GW: I think we’ve talked about most of it. I love the environment. It’s difficult at times because there is a bureaucracy that’s there, too, because of being in a federal facility, but for instance, I just came back from vacation. I was so excited because I knew that there was all this stuff that we’re doing, and it’s just so much fun. It’s a very inspiring kind of environment, and I hope that it will continue to evolve these next few years and continue to be that place for people. Because it’s like the best of clinical and academia and all of it together. It’s just an amazing place. But I think it makes sense that after as many years as the Clinical Center’s been open and the intramural program, that we’re going to have some changes in how we approach the science. But I’m excited about it. I’m excited about what lies ahead. Because it’s happening so, for so much happening so quickly. The students that are coming out of the university, our postbacs, they’re amazing. They’re just like with artificial intelligence, and just all the things that they, but they’re also like wanting our clinical expertise. Being able to have clinicians with like some of these just brilliant PhD and scientists and statisticians is just, to me the sky’s the limit. We just have to like, I was telling my one investigator today, I said, “Things can be hard.” But I said, “We have to just keep finding the joy in discovery.” And I really think that’s part of it.
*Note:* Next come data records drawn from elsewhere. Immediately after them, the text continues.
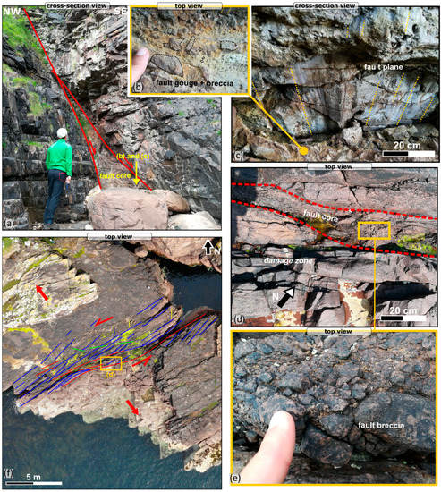 Field photographs of (a) a major NE–SW-trending fault present in the cliffs at Muiri Geo (see location on Figure 4b); (b,c) detailed view of the associated fault rock; and dip-slip lineations and grooves (yellow dotted lines) on the NE–SW-trending fault. (d) Fault core and (e) detail of fault breccia associated with (f) a major NE–SW-trending fault present at The Haven, note the wide highly damaged zone with en-echelon fractures array showing sinistral shear.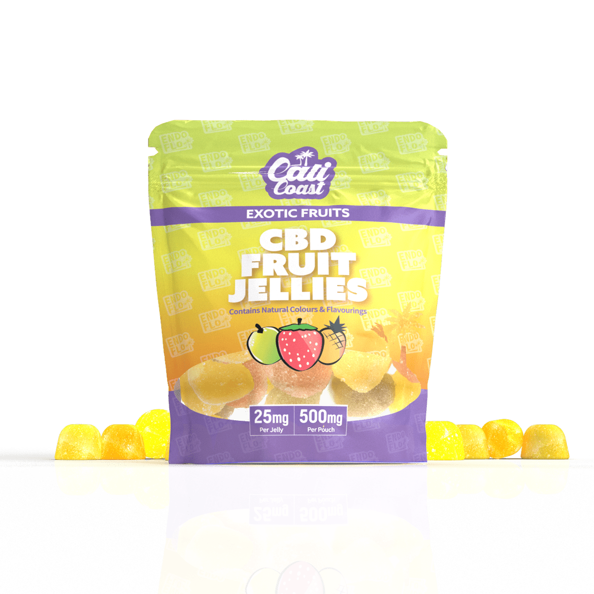 - 25mg – Sold in packs of 20, each individual pouch contains 20 x 25mg jellies with a total of 500mg cannabidiol.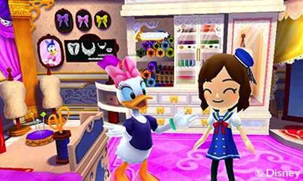 When you first start the game you can create a character or use your 3DS’s Mii character. There isn’t too much customization when it comes to the facial features, but later on you can buy clothing from Daisy and change your hair by buying wigs. Once your character is created, you find yourself in a place called Castleton where all the residents of the town are super happy to meet you! You’ll also meet many famous Disney characters. Here you’ll find out that your main goal in the game is to collect stickers. The more stickers you earn, the more skills you have, and the more areas that are available to explore. To get these stickers you have goals and favours (quests) to complete given to you by the Castleton residents, like beating an enemy, catching a certain amount of fish, or wearing a certain amount of “Ace” ensembles (complete outfits).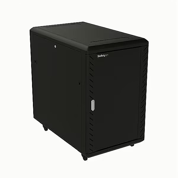 ShortSummaryDescription - StarTech.com 4-Post 18U Server Rack Cabinet, Lockable 19" Data Rack Cabinet for Computer / AV / IT Equipment, Office / Home Network Rack with Casters & Adjustable Mounting Rails, Freestanding rack, 18U, 800 kg, Key lock, 53.1 kg, Black

It’s just finding the joy in the intellectual piece of it. And just the joy of the discovery process itself.
HWT: Wonderful. Well, my final question is again a focus back on you, which is to describe the total impact of your work to date or to describe your legacy, again, up until now.
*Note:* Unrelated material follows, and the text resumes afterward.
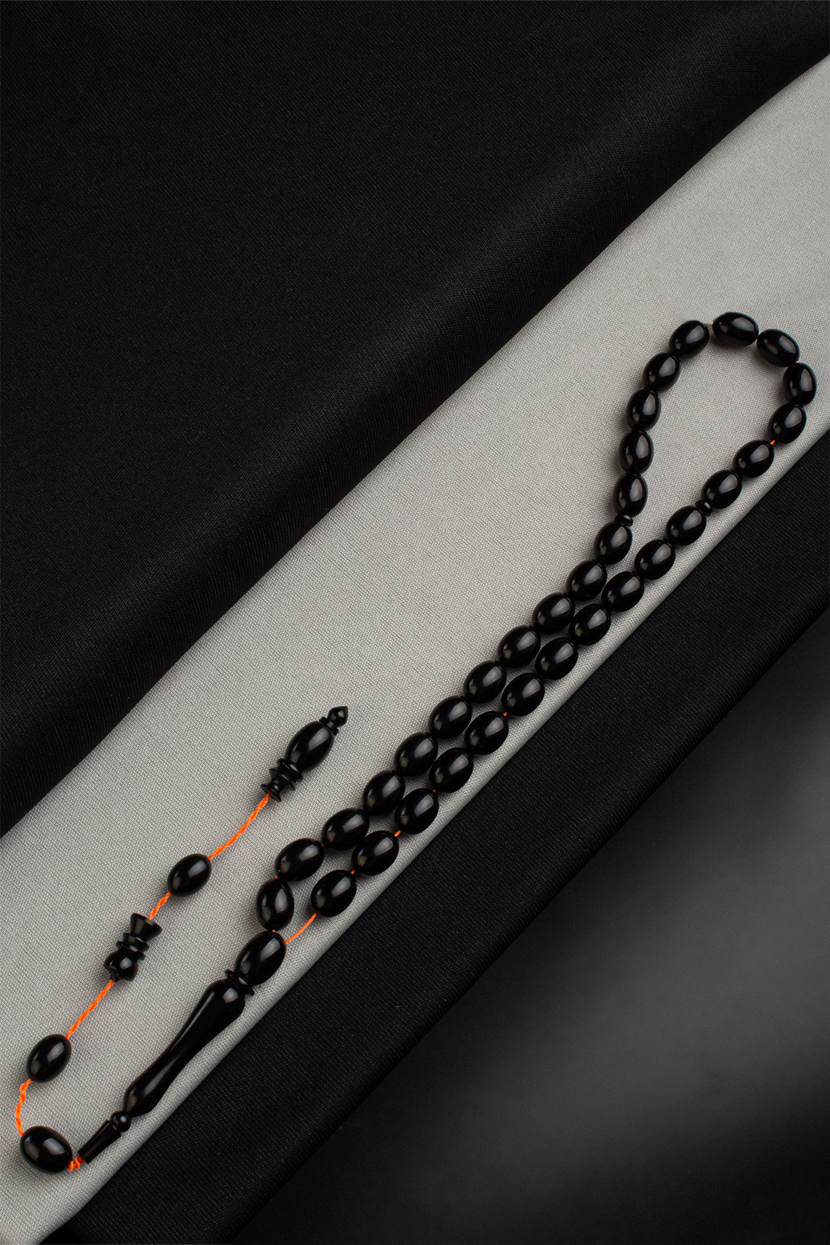 Sıkma Kehribar Siyah Arpa Kesim 8x10mm 33 Lu Tesbih

GW: I don’t think that I’m done yet. I think that’s the best part of the answer. I really want to go further in the whole idea of how as a whole human being how our mind, our emotions and our physiology as well as our environment and some of the social determinants of health, how they all play together. I think designing some of those models are a piece of that, and I’m not there yet. But I think being able to involve the patients. I’ve never had a study yet if I listen to the patients early on on how it should be designed that failed me. Many of the times I had experts telling me what to do, and I almost did it, and then a patient said, “If you do that, I don't think—”I hope that that continues to be the legacy of my work is how patients and communities contribute to what we’re trying to discover. Because some of it they won’t be able to, but they’ll be able to tell us what they want to find out. Then it’s up to us to put the pieces together, all the way from the bench to bedside community and back. So, yeah.
HWT: I think that’s a really good place to sign off unless there’s anything else you would like to add.
GW: No. Not at all. I’ve been very nervous about this. (laughs) I don't know. I can talk, but for an introvert, sometimes it’s hard to know kind of how to approach things. I truly was surprised and honored that I was asked to do it, but hopefully, I don't know what it will sound like, but—(laughs)
HWT: I think it will sound really thorough, and it’s important. So, really, it’s been a pleasure. And everybody feels, you’d be surprised. Most people say the same thing. Whether or not they’re introverted is another question. But just it can feel awkward to have that level of focus on you and your career, but I think it’s obviously super important. So, thank you so much.
GW: Thank you, too. And if there’s anything that you need from me, just let me know and I’ll be happy to provide it.